Croatia's Luka Modric consigned England to death by a thousand passes at the 2018 World Cup, Frenkie de Jong did something similar for the Netherlands in last summer's Nations League semi-finals. It is not Southgate's fault that the English system is yet to produce a midfield metronome in that mould but it is his job to find alternative solutions and the hope is he would have made more progress by now in that endeavour than this double-header suggests.
Southgate's decision to play a back three for the first time in almost exactly two years as part of a 3-4-3 formation failed to shake England from their creative slumber. England produced four shots on target in a lacklustre display against Iceland last Saturday with Declan Rice, Foden and James Ward-Prowse flattering to deceive.
A central midfield pairing here of Rice and debutant Kalvin Phillips was even less inspiring. Phillips was tidy enough but with England insufficiently shrewd in possession to create overload opportunities on either flank, the front three of Harry Kane, Jadon Sancho and Raheem Sterling were left far too isolated, particularly in the first half.

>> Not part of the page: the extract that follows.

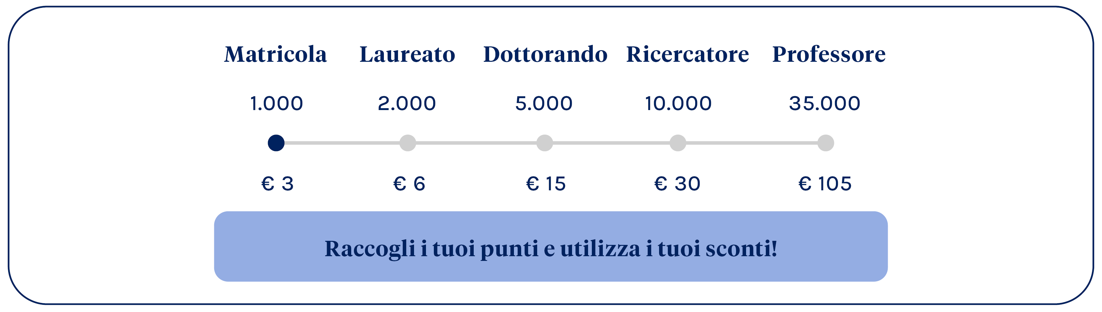 Per ricompensare la tua fedeltà e creare una community di appassionati del “sapere” abbiamo pensato all’Accademia dei Premi, un programma fedeltà su misura, accessibile dal proprio account.

Sancho's was substituted on the hour mark for Mason Mount, ending an underwhelming international break for a player who has rarely been out of the headlines this summer. The 20-year-old is clearly a hugely promising talent and the timing of these Nations League matches do not lend themselves to optimum performance but it was nevertheless intriguing that he failed to make an impact against two conservative opponents similar to those Manchester United have struggled to break down under Ole Gunnar Solskjaer.
Sancho could yet be a world-beater and will almost certainly improve but United's reticence to meet Borussia Dortmund's £100 million asking price found justification here. The winger himself might argue, legitimately so, that a lack of supply made his task all the more difficult and so we come back to the midfield issue. Southgate attempted to rectify the problem by playing Mount in a central midfield two - something Southgate claimed the 21-year had "not done in first-team football" -- before finally introducing Jack Grealish with 14 minutes to go.

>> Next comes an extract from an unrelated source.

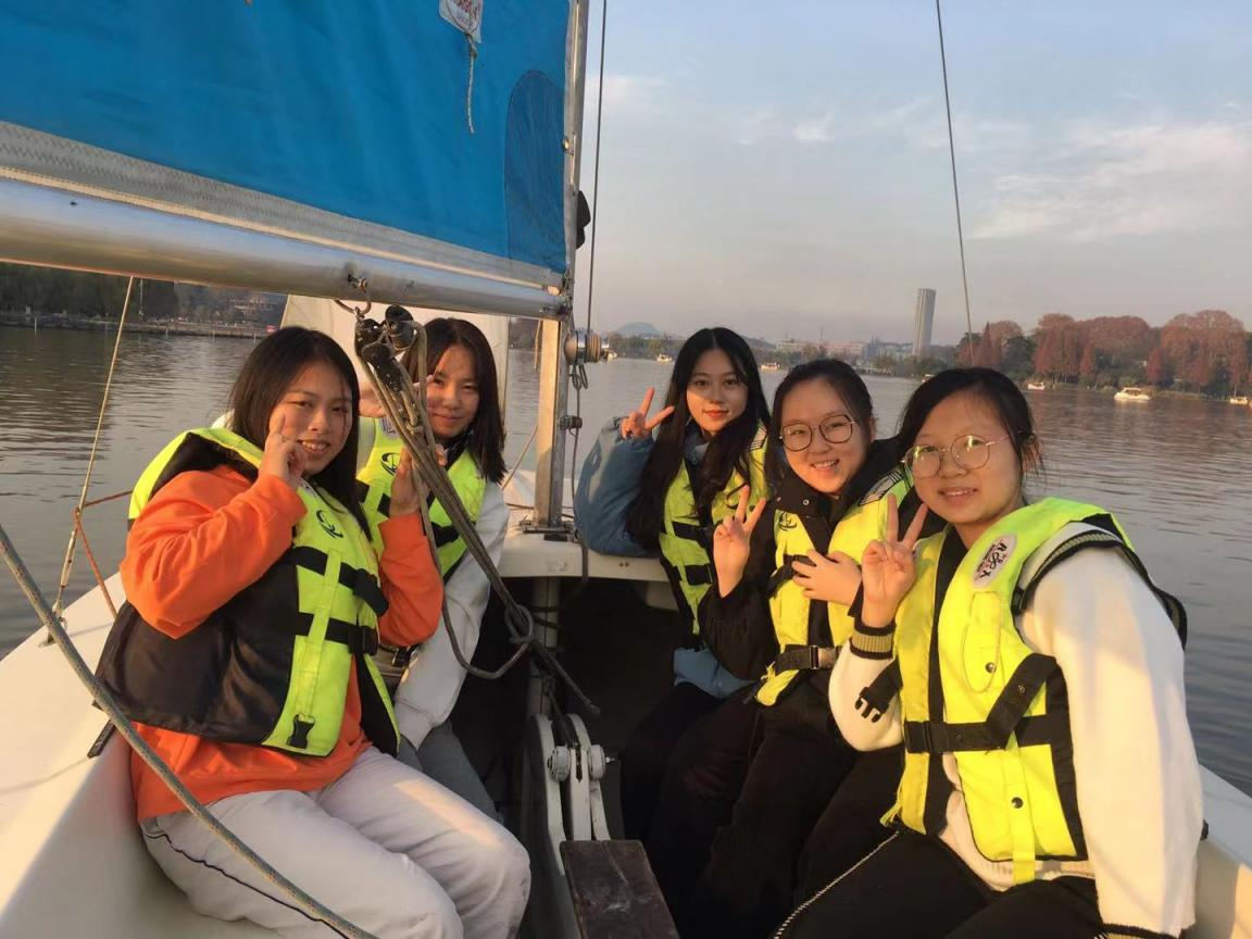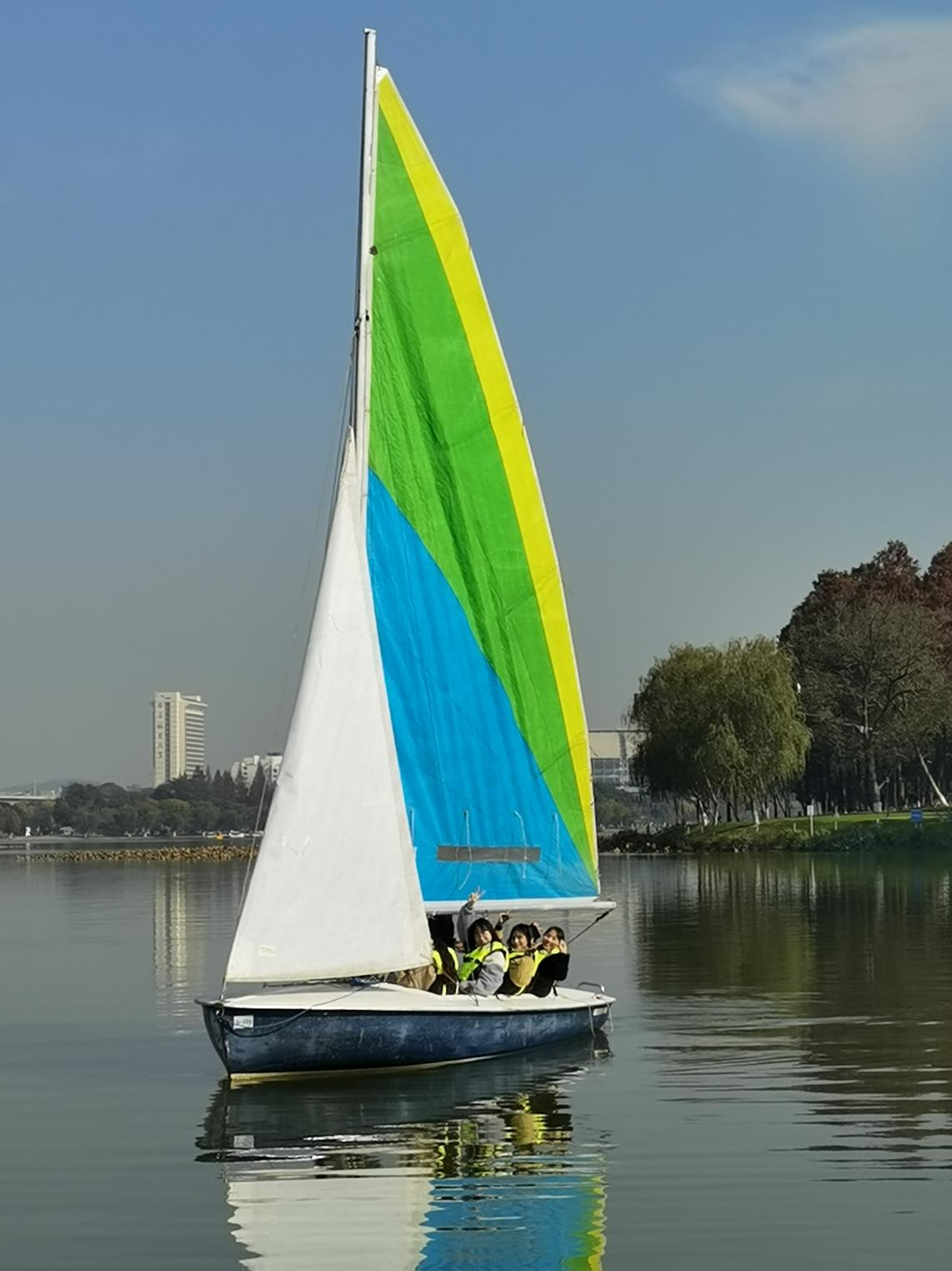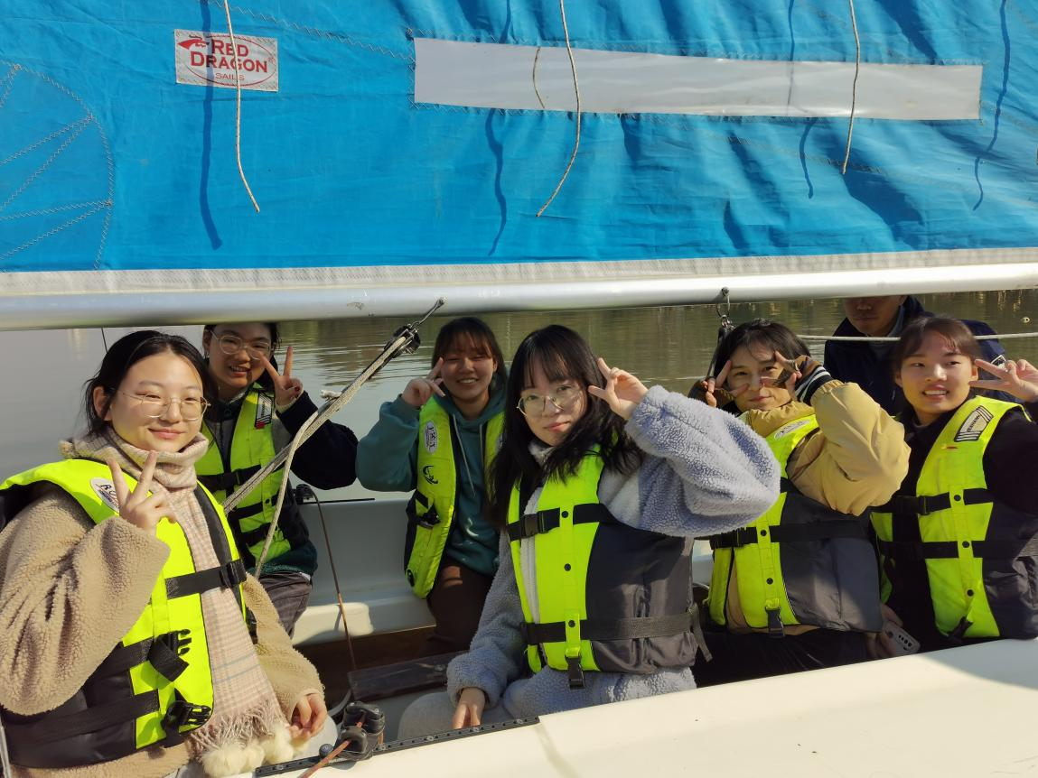 在掌握了基本的理论知识并进行了一系列陆上练习后,同学们以六七人的小组为单位登上帆船。行驶之初,同学们难以掌握帆船运动的技巧,在升前帆、主帆时显得手忙脚乱。但在教练的悉心指导下,学员们很快进入状态,配合得越来越默契,在冬日的暖阳下享受与大自然交融的美好时刻。

England struggled to press with any consistency and continued to look uncomfortable in this shape throughout. There is still time to work on formations, of course, and Southgate would no doubt point to the success England enjoyed in Russia when deployed in a 3-5-2 shape. However, he espoused the belief after that tournament that a back three was merely a means to an end, born of a desire to protect a fragile team learning to express themselves.
A more expansive 4-3-3 shape has seen England excite and enthrall since then and if anything, Southgate was too cautious here. Denmark are a competent side with Christian Eriksen capable of causing any side problems but three centre-backs and two defensive-minded central midfielders felt like overkill in the circumstances.
England switched to 4-3-3 after the last World Cup because Southgate felt his defenders did not need as much protection and he wanted to pursue a more front-foot approach. They need to get back to that.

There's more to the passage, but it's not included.